The Office of the Superintendent of Financial Institutions (OSFI) announced a one-year delay to the increase of the capital floor level, also called the output floor. Canada concluded its implementation of Basel III 2017 reforms in early 2024 and established a three-year phase-in of the capital floor consistent with the timetable set by the Basel Committee on Banking Supervision (BCBS).
The purpose of the capital floor is to reduce excessive variability and to enhance comparability of risk-based capital ratios.

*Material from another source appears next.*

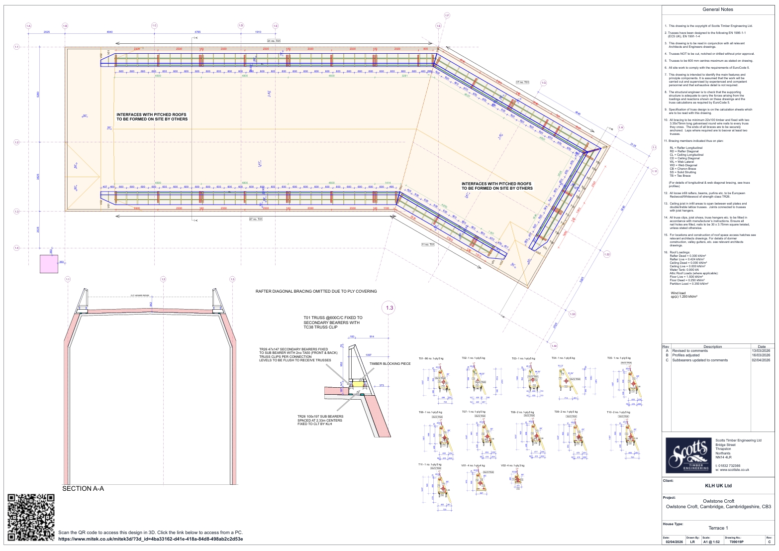 Our involvement centres around a highly bespoke truss design that plays a critical role in forming the parapet detail. These trusses extend the CLT mansard structure, seamlessly integrating the structural timber system with the external insulation panels. The design incorporates asymmetric trusses running along pole plates, which are fixed to sub-bearers and ultimately tied back to the CLT structure itself.

The capital floor requires that risk-weighted-assets generated by internal model-based approaches cannot, in aggregate, fall below a percentage of the risk-weighted assets computed by the standardized approach.
Global implementation of the capital floor has been a lengthy process. The one-year delay will give OSFI time to consider the implementation timeline of the Basel III 2017 reforms in other jurisdictions.
Peter Routledge, superintendent of Financial Institutions, said in a statement: “The Basel III 2017 reforms will strengthen banks’ ability to withstand financial shocks and support economic growth while enabling them to compete and take reasonable risks. Key to these reforms’ success is full, timely, and consistent adoption and implementation across BCBS jurisdictions so that competitive balance prevails throughout the international banking system.
“We will continue to measure implementation progress of the Basel III 2017 reforms across jurisdictions with a focus on both competitive balance in banking and the soundness of Canada’s capital regime.”